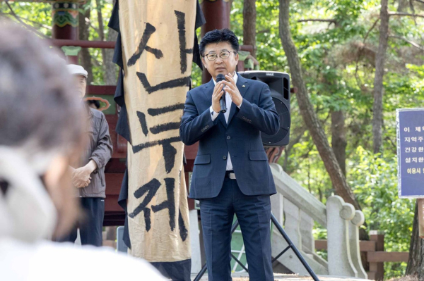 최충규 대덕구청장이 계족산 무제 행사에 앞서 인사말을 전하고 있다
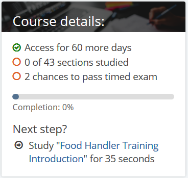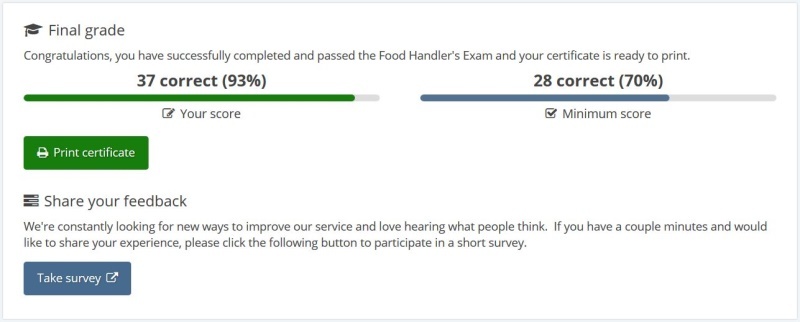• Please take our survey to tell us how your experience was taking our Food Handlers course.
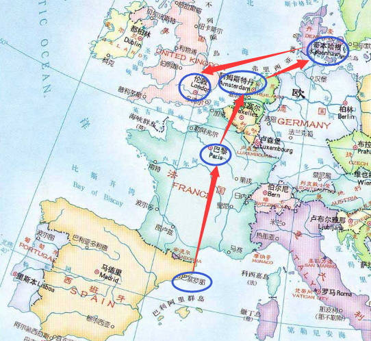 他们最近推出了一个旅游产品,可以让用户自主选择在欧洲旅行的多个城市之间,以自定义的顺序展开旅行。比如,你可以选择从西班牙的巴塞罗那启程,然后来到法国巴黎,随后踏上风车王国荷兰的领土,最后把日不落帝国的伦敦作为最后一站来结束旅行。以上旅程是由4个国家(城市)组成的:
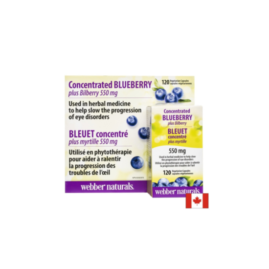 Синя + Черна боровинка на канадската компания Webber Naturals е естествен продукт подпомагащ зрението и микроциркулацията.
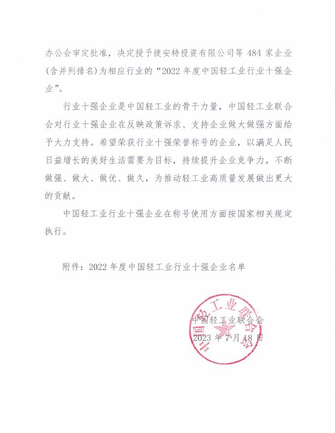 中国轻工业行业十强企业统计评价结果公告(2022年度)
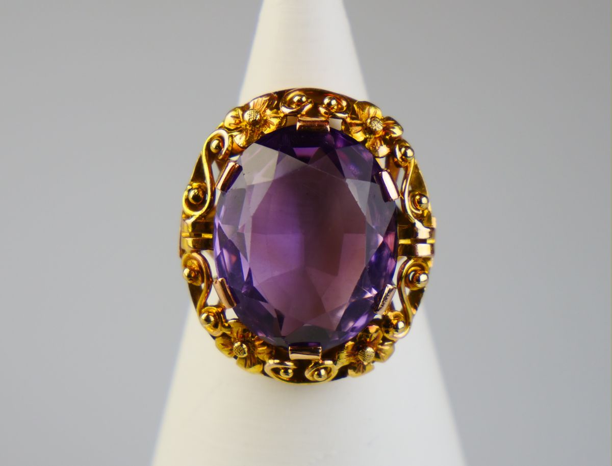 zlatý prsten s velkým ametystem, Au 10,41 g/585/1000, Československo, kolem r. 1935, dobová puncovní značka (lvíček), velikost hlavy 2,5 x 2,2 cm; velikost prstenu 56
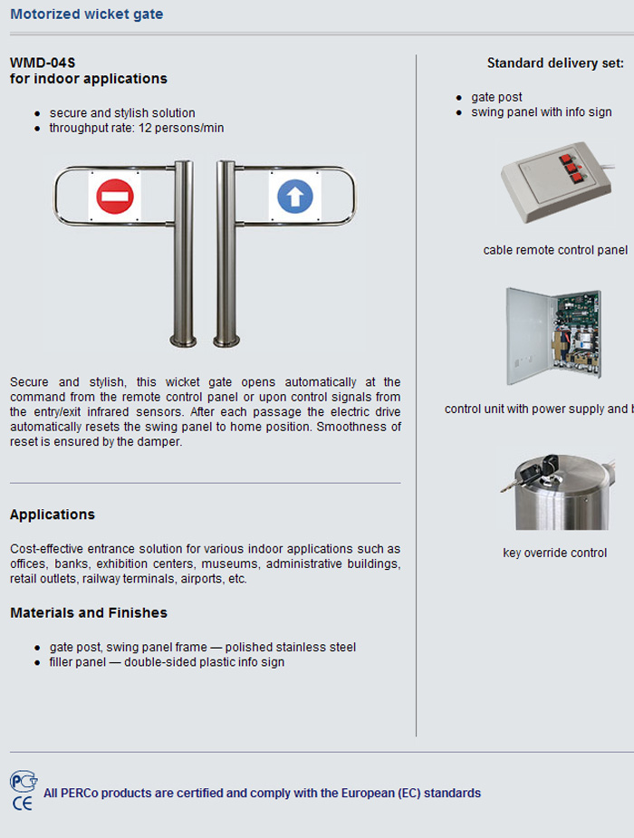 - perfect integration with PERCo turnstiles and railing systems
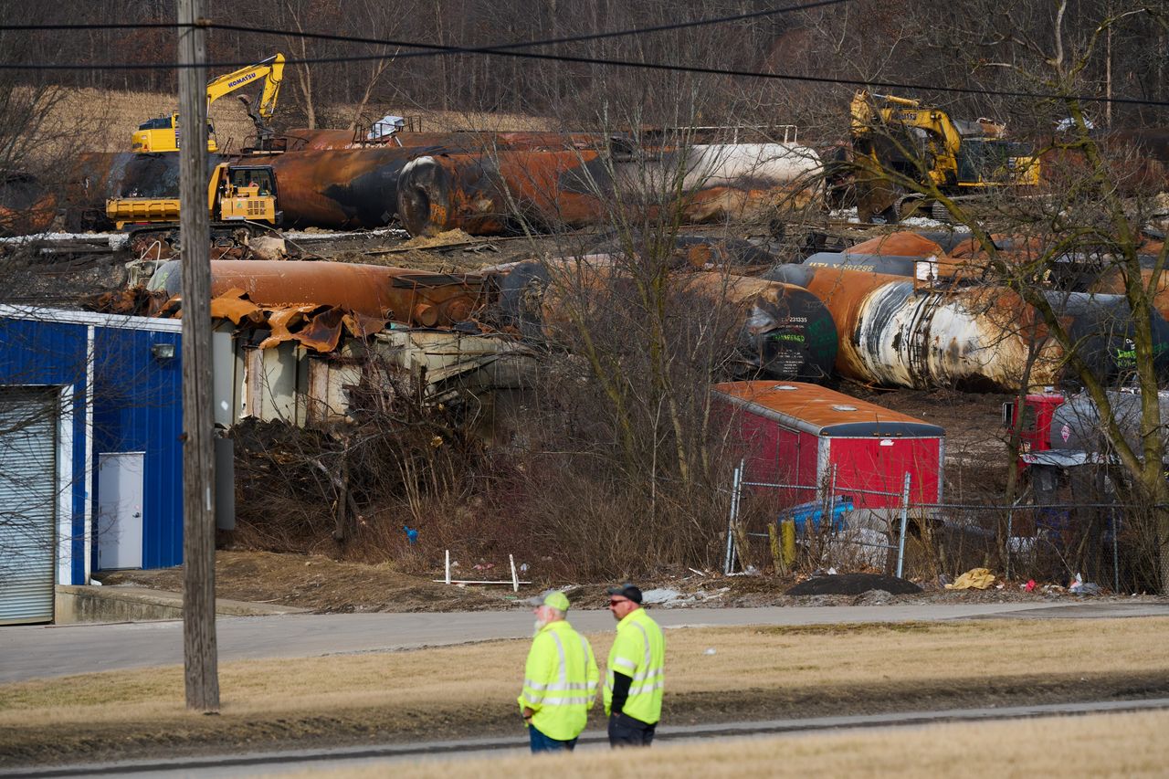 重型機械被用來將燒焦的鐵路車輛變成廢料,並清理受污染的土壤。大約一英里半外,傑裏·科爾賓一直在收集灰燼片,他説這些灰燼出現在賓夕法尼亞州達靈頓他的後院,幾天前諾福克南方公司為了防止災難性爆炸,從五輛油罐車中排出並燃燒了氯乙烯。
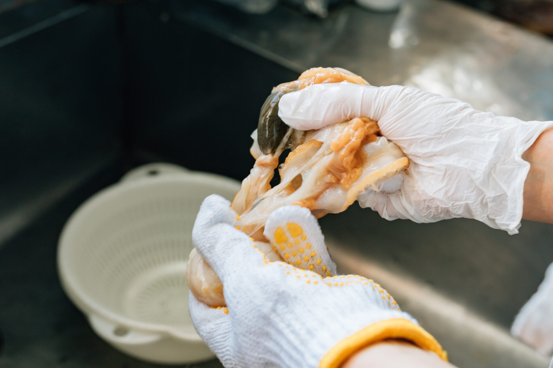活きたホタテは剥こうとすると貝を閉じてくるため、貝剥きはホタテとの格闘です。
...
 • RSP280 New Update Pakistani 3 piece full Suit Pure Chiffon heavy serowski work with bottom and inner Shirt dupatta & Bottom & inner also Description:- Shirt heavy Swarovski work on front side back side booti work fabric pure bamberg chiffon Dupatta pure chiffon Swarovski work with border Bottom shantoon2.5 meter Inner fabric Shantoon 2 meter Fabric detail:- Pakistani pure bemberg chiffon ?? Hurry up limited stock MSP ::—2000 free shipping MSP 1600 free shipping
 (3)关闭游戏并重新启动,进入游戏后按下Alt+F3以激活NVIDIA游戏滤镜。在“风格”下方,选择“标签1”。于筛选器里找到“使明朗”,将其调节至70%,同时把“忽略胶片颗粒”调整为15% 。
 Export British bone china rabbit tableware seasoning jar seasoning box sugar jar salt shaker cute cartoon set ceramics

> _EXERCISE BRIEF_
For this exercise, transcribe exactly the part of the records above that opens with the line containing "zlatý prsten s" and closes with the one containing "活きたホタテは剥こうとすると貝を閉じてくるため、貝剥きはホタテとの格闘です。". Pictures are not part of the copy.

> _REPLY_
 zlatý prsten s velkým ametystem, Au 10,41 g/585/1000, Československo, kolem r. 1935, dobová puncovní značka (lvíček), velikost hlavy 2,5 x 2,2 cm; velikost prstenu 56
 - perfect integration with PERCo turnstiles and railing systems
 重型機械被用來將燒焦的鐵路車輛變成廢料,並清理受污染的土壤。大約一英里半外,傑裏·科爾賓一直在收集灰燼片,他説這些灰燼出現在賓夕法尼亞州達靈頓他的後院,幾天前諾福克南方公司為了防止災難性爆炸,從五輛油罐車中排出並燃燒了氯乙烯。
活きたホタテは剥こうとすると貝を閉じてくるため、貝剥きはホタテとの格闘です。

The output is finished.